AWS Lambda now supports up to 5x faster polling scale-up rate (adding up to 300 concurrent executions per minute) for spiky Lambda workloads configured with Amazon Simple Queue Service (Amazon SQS) as an event source using Lambda event source mapping or Amazon EventBridge Pipes. This enables customers building event-driven applications using Lambda and SQS queues (standard or first-in, first-out) to achieve more responsive scaling during a sudden burst of messages in their queues, and reduces the need to duplicate Lambda functions or SQS queues to achieve faster message processing.AWS Lambda improves responsiveness for configuring stream and queue-based event sources.
AWS Lambda improves the responsiveness for configuring Event Source Mappings (ESMs) and Amazon EventBridge Pipes with event sources such as self-managed Apache Kafka, Amazon Managed Streaming for Apache Kafka (MSK), Amazon DocumentDB, and Amazon MQ. This enhancement allows changes—such as updating, disabling, or deleting ESMs or Pipes—to take effect within 90 seconds, an improvement from the previous time frame of up to 15 minutes.Amazon DynamoDB Import from S3 now supports up to 50,000 Amazon S3 objects in a single bulk import.
Amazon DynamoDB Import from S3 now supports up to 50,000 Amazon S3 objects in a single bulk import. With the increased default service quota for import from S3, customers who need to bulk import a large number of Amazon S3 objects, can now run a single import to ingest up to 50,000 S3 objects, removing the need to consolidate S3 objects prior to running a bulk import.-
AWS AppSync increases existing service quota and adds subscription service quotas.

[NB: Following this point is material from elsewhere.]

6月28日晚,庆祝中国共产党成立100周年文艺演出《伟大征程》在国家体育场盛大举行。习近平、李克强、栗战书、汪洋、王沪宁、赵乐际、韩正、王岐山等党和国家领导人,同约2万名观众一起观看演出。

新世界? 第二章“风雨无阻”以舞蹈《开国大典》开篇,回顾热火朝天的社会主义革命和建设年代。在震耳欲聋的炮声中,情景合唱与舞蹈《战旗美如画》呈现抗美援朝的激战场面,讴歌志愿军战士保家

AWS AppSync is a fully managed service that allows customers to connect applications to data and enable real-time experiences with GraphQL APIs. AppSync now supports a higher default value for the rate of request tokens service quota. The default value is increased from 2,000 to 5,000 in all AWS Regions that AppSync supports, except for the following Regions where (in the time of writing) the default value is increased to 10,000: Asia Pacific (Tokyo, Seoul, Mumbai, Singapore, Sydney), Europe (Frankfurt, Ireland, London), US East (N. Virginia, Ohio), and US West (Oregon).AppSync also introduces three new adjustable service quotas in all Regions that AppSync supports that control the behavior of AppSync’s real-time capabilities.
- rate of inbound messages per API per second (default value: 10,000): controls the maximum number of subscription field invocations.

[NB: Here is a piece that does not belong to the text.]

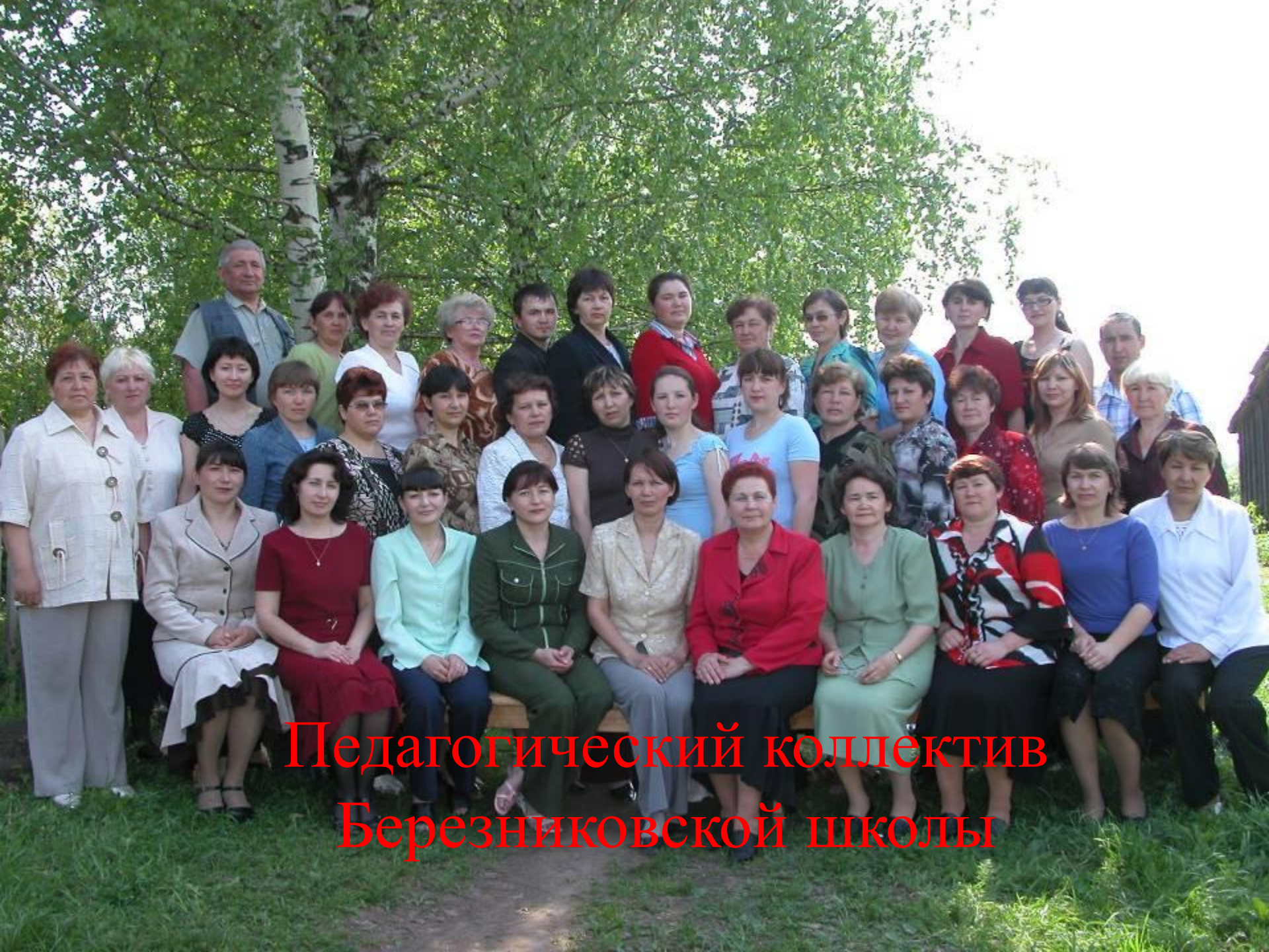
Педагогический коллектив Березниковской школы

- rate of outbound messages per API per second (default value: 1,000,000): controls the maximum number of messages (per 5kb payload ) delivered to WebSocket clients.
- rate of connection requests per API per second (default value: 2,000): controls the maximum number of WebSocket connection requests
- Scaling improvements when processing Apache Kafka with AWS Lambda. AWS Lambda is improving the automatic scaling behavior when processing data from Apache Kafka event-sources. Lambda is increasing the default number of initial consumers, improving how quickly consumers scale up, and helping to ensure that consumers don’t scale down too quickly.
Conclusion
In this part the of series I outlined the importance of the constant learning in the area of the AWS Serverless scalability and gave you an overview about variety of new services, features AWS released or the Serverless quotas raised by AWS in the last 12 months or so. Depending on the AWS services used some of the improvements may be less relevant for you. But some improvements may enable you to implement completely new use cases with less code on your side or say good bye to the existing workarounds that you were forced to build (and maintain) as long as there was no adequate functionality or feature in the AWS managed services in use.
So, constantly educate yourself and apply your knowledge!